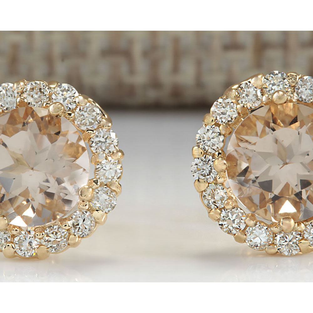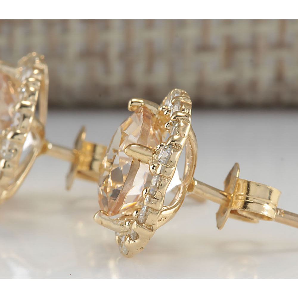 3.65 CTW Natural Morganite And Diamond Earrings 18K Solid Yellow Gold
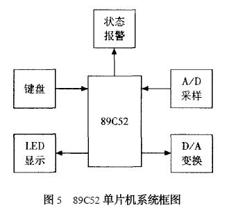 圖5為89C52單片機系統框圖,單片機通過APD采樣直流高壓輸出電壓值,CPU對此值與預值電壓比較,調整相應DPA轉換,使實際輸出電壓與預值電壓相同。
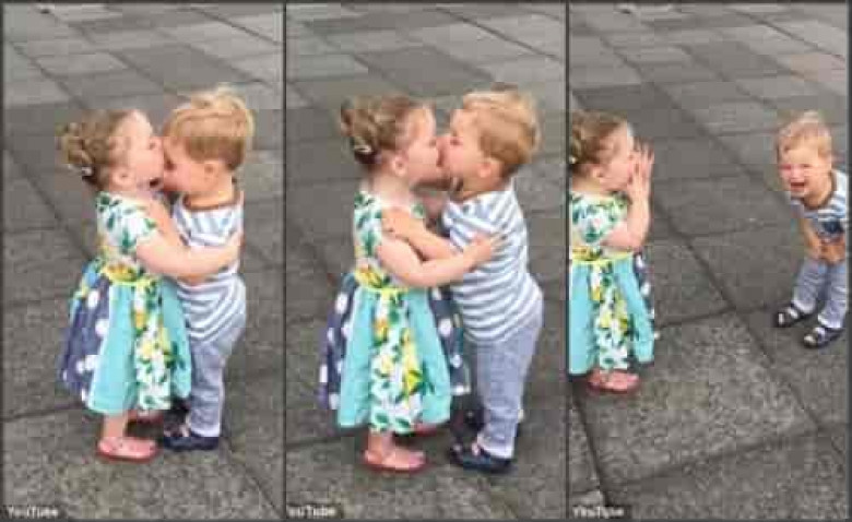 Հոլովակում երկու փոքրիկներ, հավանաբար լինելով ֆիլմերի տպավորության տակ, համբուրում են միմյանց շուրթերը, ինչից հետո երկուսով սկսում են մի լավ ծիծաղել։
_ _ _ _ _
Line by line, return the listing above exactly, dropping every picture.

REPLY TO THE EXERCISE:
 3.65 CTW Natural Morganite And Diamond Earrings 18K Solid Yellow Gold
 圖5為89C52單片機系統框圖,單片機通過APD采樣直流高壓輸出電壓值,CPU對此值與預值電壓比較,調整相應DPA轉換,使實際輸出電壓與預值電壓相同。
 Հոլովակում երկու փոքրիկներ, հավանաբար լինելով ֆիլմերի տպավորության տակ, համբուրում են միմյանց շուրթերը, ինչից հետո երկուսով սկսում են մի լավ ծիծաղել։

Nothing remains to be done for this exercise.